Tuesday, August 4, 2015

Don't Forget THIS Clobber Verse...

Have you heard of the so called "clobber" passages in the Bible? These are typically the verses which strongly condemn homosexuality. Lists of these passages generally include Leviticus 18:22, Deuteronomy 23:17-18, Romans 1:26-27, 1 Corinthians 6:9, 1 Timothy 1:10, and sometimes Jude 1:7. These are used to condemn any kind of sex that doesn’t occur between a married man and woman. I’d like to add another “clobber” verse to this list. 

“Speaking the truth in love.” Ephesians 4:15a

When I talk to other Christians, this verse is commonly cited as their justification for quoting a clobber passage. And when someone tells me they are about to “speak the truth in love” to me, it’s a very clear warning. They are about to attack me, and they are justifying the attack with this Bible verse. Verbal abusers use this verse to keep their victims in line and to camouflage their abuse as moral correction. Anti-LGBTQ people use this verse to justify their bigotry. Sexists use this verse to justify telling women to shut up in church. Some Christians use this verse to keep women trapped in situations of domestic violence by arguing against divorce.
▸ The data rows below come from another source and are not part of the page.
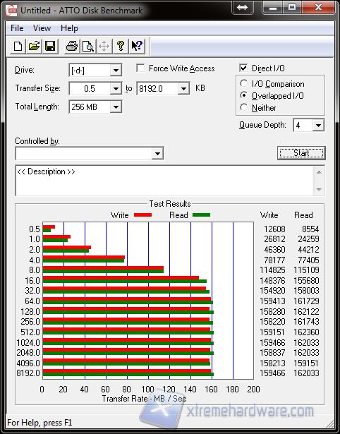 Anche ATTO Disk conferma quanto registrato nel test precedente, la media si assesta intorno ai 160MB/s.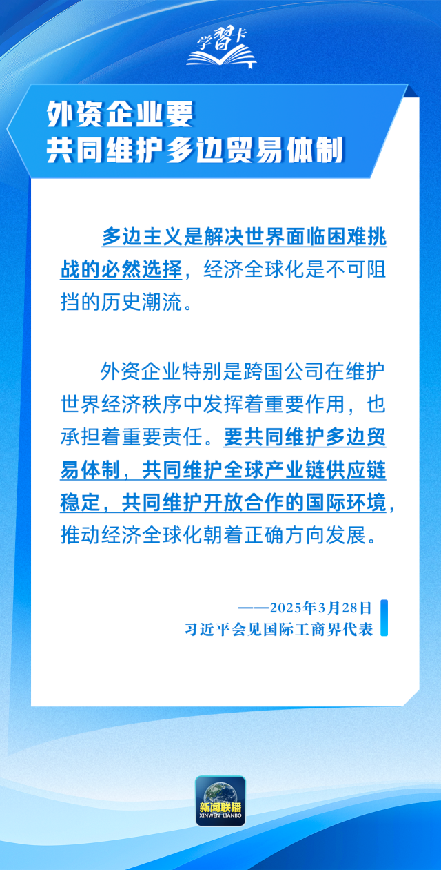 习近平主席强调,中国是有利于外资企业投资兴业的一方沃土,将为外资企业来华贸易投资提供便利,依法保护外资企业合法权益。一起学习↓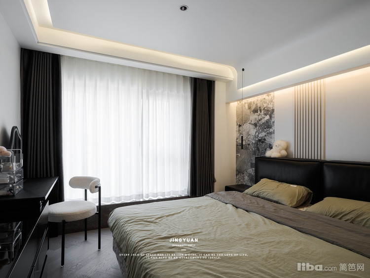 次卧作为长辈房,无主灯设计不仅显空间大,而且容易让人有个好的睡眠环境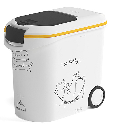 De Curver voedselcontainer 'Dinner is Served' hond is een zeer handige container voor het bewaren van hondenbrokjes. Met deze container heb je nooit meer een zak brokjes in de schuur of kelder, maar is het netjes opgeborgen in een fraai uitziende container.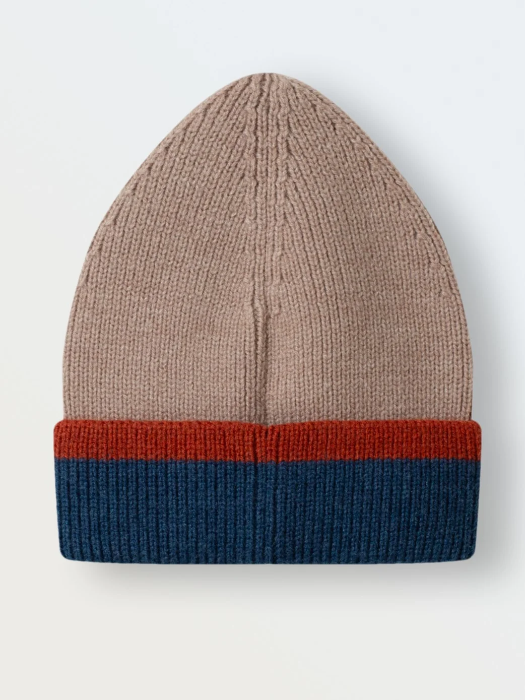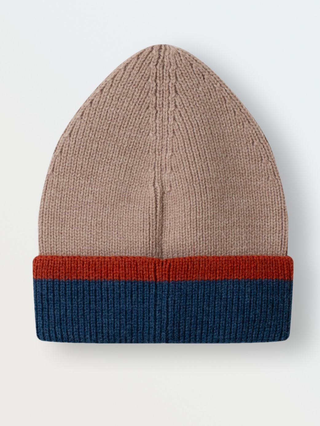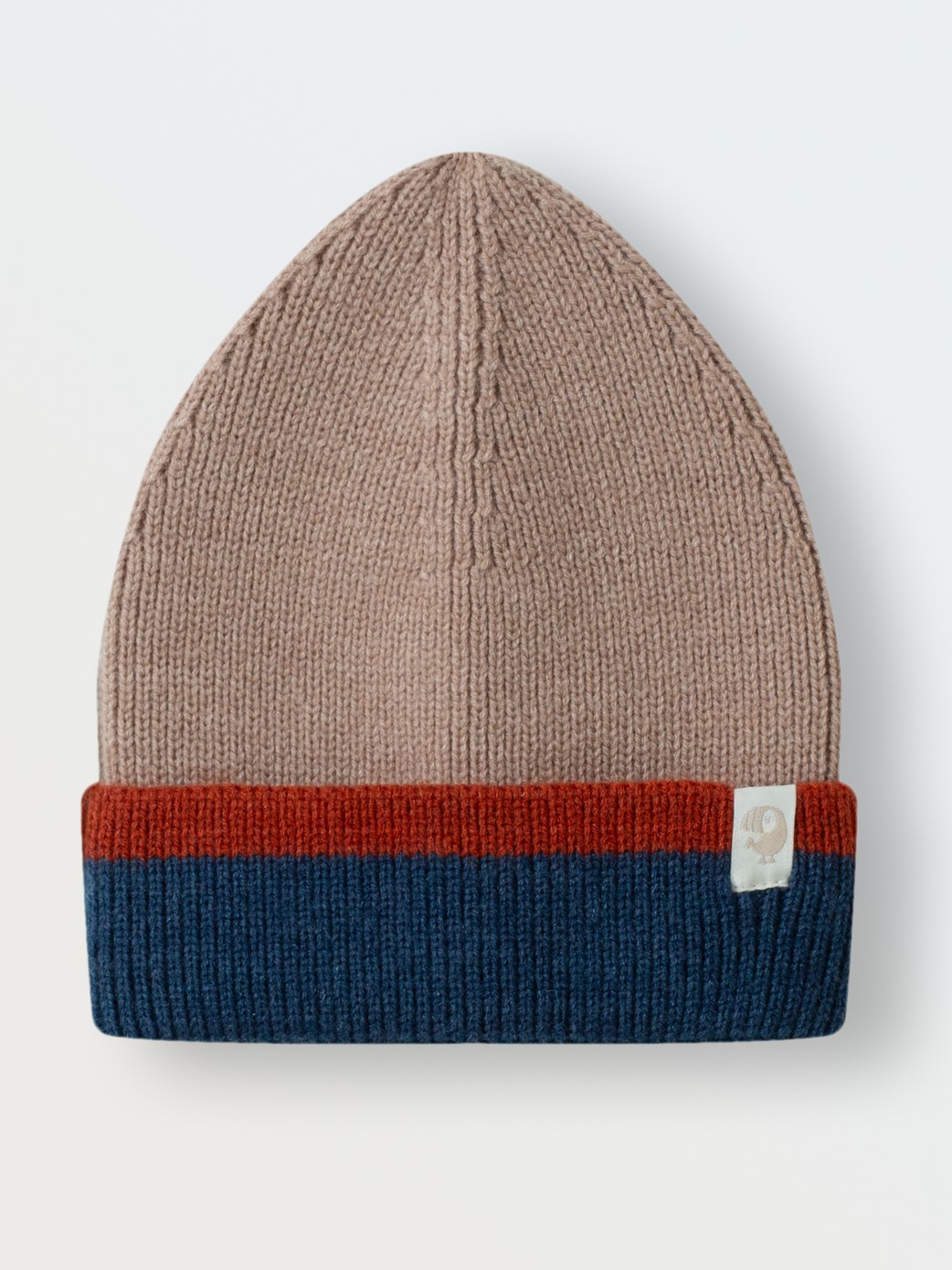 Шапка вязаная с отворотом, Тёплый беж + джинс

But what does it really mean to speak the truth in love?

I can tell you, I have friends who do this for me. I am blessed to have a husband who speaks the truth in love to me. When you truly speak the truth in love, the person you address feels that love and concern. When you try (and fail) to speak the truth in love, the person you address feels angry, wounded, offended, humiliated, confused, and/or fearful.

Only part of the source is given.